COLLECTED DATA:
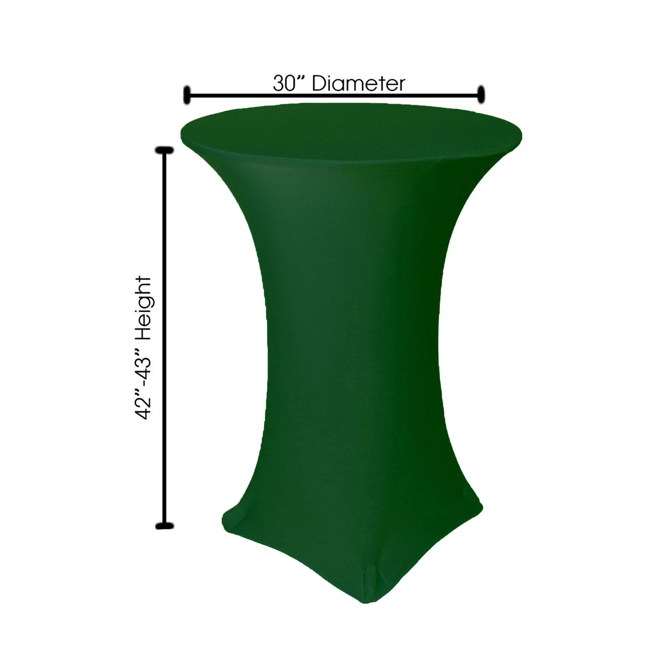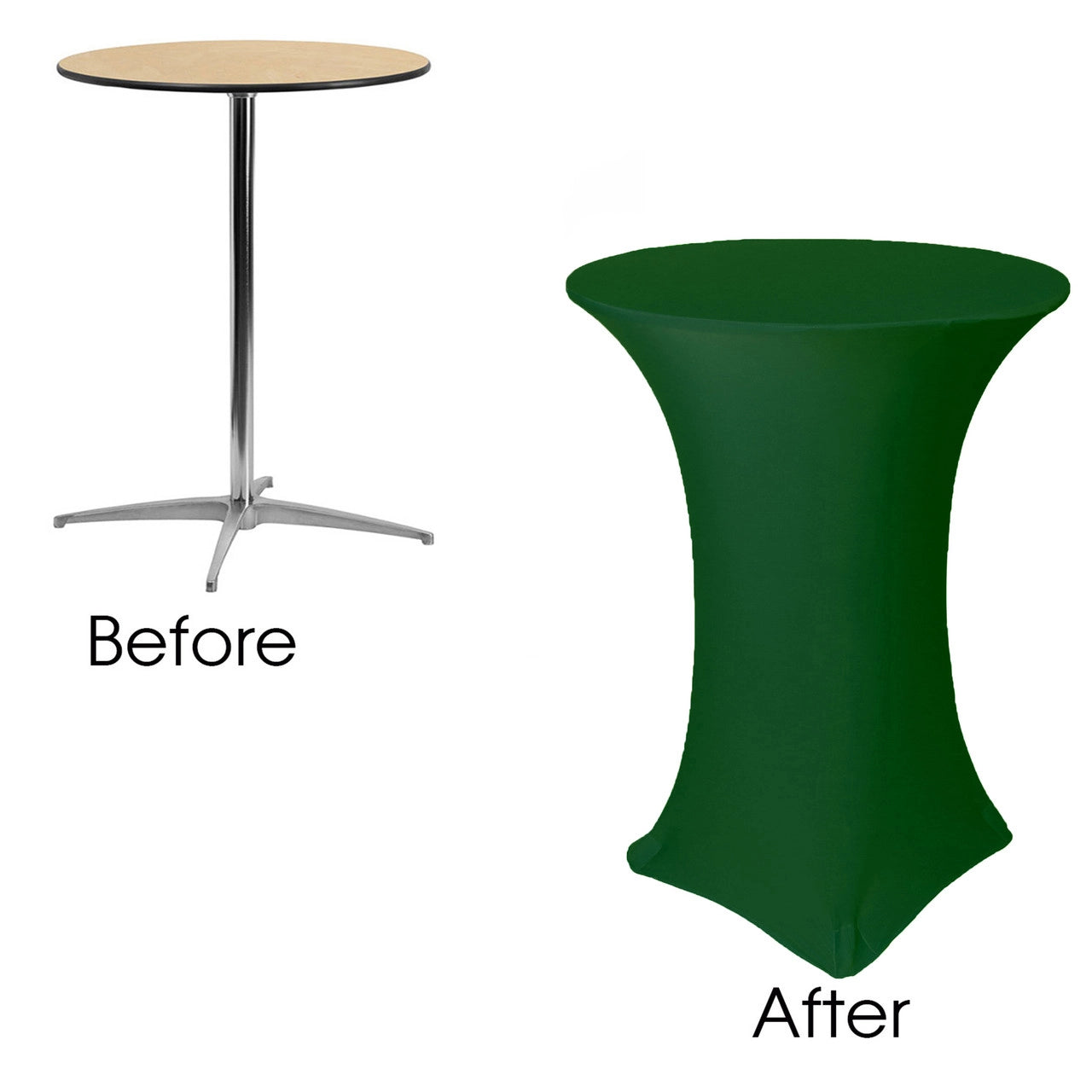 Our durable spandex chair covers fit standard 30"x42" Highboy/Cocktail Tables (30" Round x 42" Tall w/ 4 Leg Base). They're made from high quality spandex with a 4-way stretch so they're easy to put on and made to last. They're also made with durable elastic foot pockets which help secure the cover in place, ensure a great fit, and help prevent damage and excess wear and tear. These covers are a perfect way to improve the look of your chair covers and ideal for rental companies, banquet halls, hotels, various venues and special events.
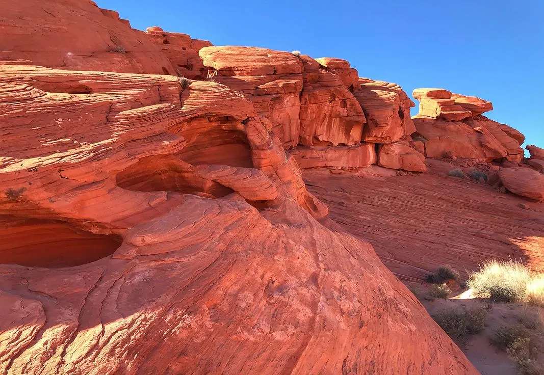 山里有个天然的回音壁,是个半圆形的山谷,你在谷底说话,回声能持续好几秒,那个声音在山谷里来回反射,确实挺震撼的。嶂石岩还有个特点是植被和地貌的反差,红色的岩壁上长着绿色的植物,形成了一种强烈的色彩对比,特别是秋天,红叶和红岩叠在一起,那个视觉效果很有冲击力。景区里有几条栈道是修在悬崖上的,走在上面能近距离看到岩层的纹理和结构,那些沉积岩的层次非常清晰,能看出上亿年地质变化留下的痕迹。
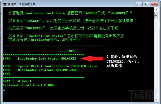 因为华为C8825D的bootloader默认是上锁的,防止机友刷机,或者获取root权限,必须先解锁后,才能进入刷入recovery进行刷机或者root,所以这款工具就可以起到这个作用了。
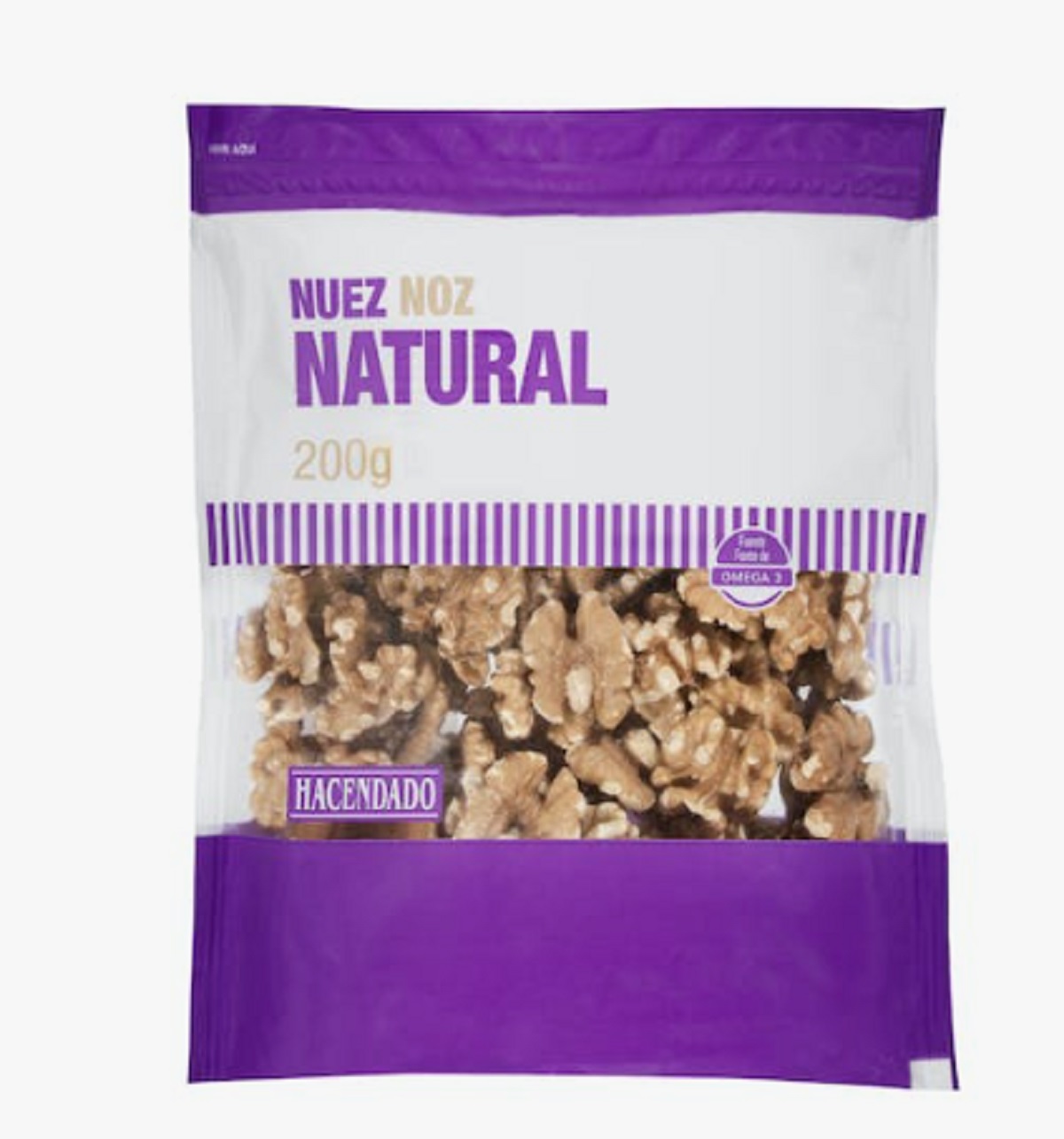 Las nueces también son un producto al que recurrir cuando hablamos de frutos secos. Entre sus virtudes es de destacar su aporte en Omega 3. En su valor nutricional se destaca que, por cada 100 gramos de producto, hay 716 calorías, 69,6 gramos de lípidos (6 gramos de grasas saturadas, 9,6 gramos de monoinsaturadas y 53,7 gramos de poliinsaturadas), 2,2 gramos de carbohidratos (de los 1,7 gramos son azúcares), 6,2 gramos de fibra alimentaria, 17 gramos de proteína y 0 gramos de sal. La bolsa de 200 gramos se vende a 2,15 euros.

TASK ITEM: Retype the data above verbatim, minus images.

ANSWER BOX:
 Our durable spandex chair covers fit standard 30"x42" Highboy/Cocktail Tables (30" Round x 42" Tall w/ 4 Leg Base). They're made from high quality spandex with a 4-way stretch so they're easy to put on and made to last. They're also made with durable elastic foot pockets which help secure the cover in place, ensure a great fit, and help prevent damage and excess wear and tear. These covers are a perfect way to improve the look of your chair covers and ideal for rental companies, banquet halls, hotels, various venues and special events.
 山里有个天然的回音壁,是个半圆形的山谷,你在谷底说话,回声能持续好几秒,那个声音在山谷里来回反射,确实挺震撼的。嶂石岩还有个特点是植被和地貌的反差,红色的岩壁上长着绿色的植物,形成了一种强烈的色彩对比,特别是秋天,红叶和红岩叠在一起,那个视觉效果很有冲击力。景区里有几条栈道是修在悬崖上的,走在上面能近距离看到岩层的纹理和结构,那些沉积岩的层次非常清晰,能看出上亿年地质变化留下的痕迹。
 因为华为C8825D的bootloader默认是上锁的,防止机友刷机,或者获取root权限,必须先解锁后,才能进入刷入recovery进行刷机或者root,所以这款工具就可以起到这个作用了。
 Las nueces también son un producto al que recurrir cuando hablamos de frutos secos. Entre sus virtudes es de destacar su aporte en Omega 3. En su valor nutricional se destaca que, por cada 100 gramos de producto, hay 716 calorías, 69,6 gramos de lípidos (6 gramos de grasas saturadas, 9,6 gramos de monoinsaturadas y 53,7 gramos de poliinsaturadas), 2,2 gramos de carbohidratos (de los 1,7 gramos son azúcares), 6,2 gramos de fibra alimentaria, 17 gramos de proteína y 0 gramos de sal. La bolsa de 200 gramos se vende a 2,15 euros.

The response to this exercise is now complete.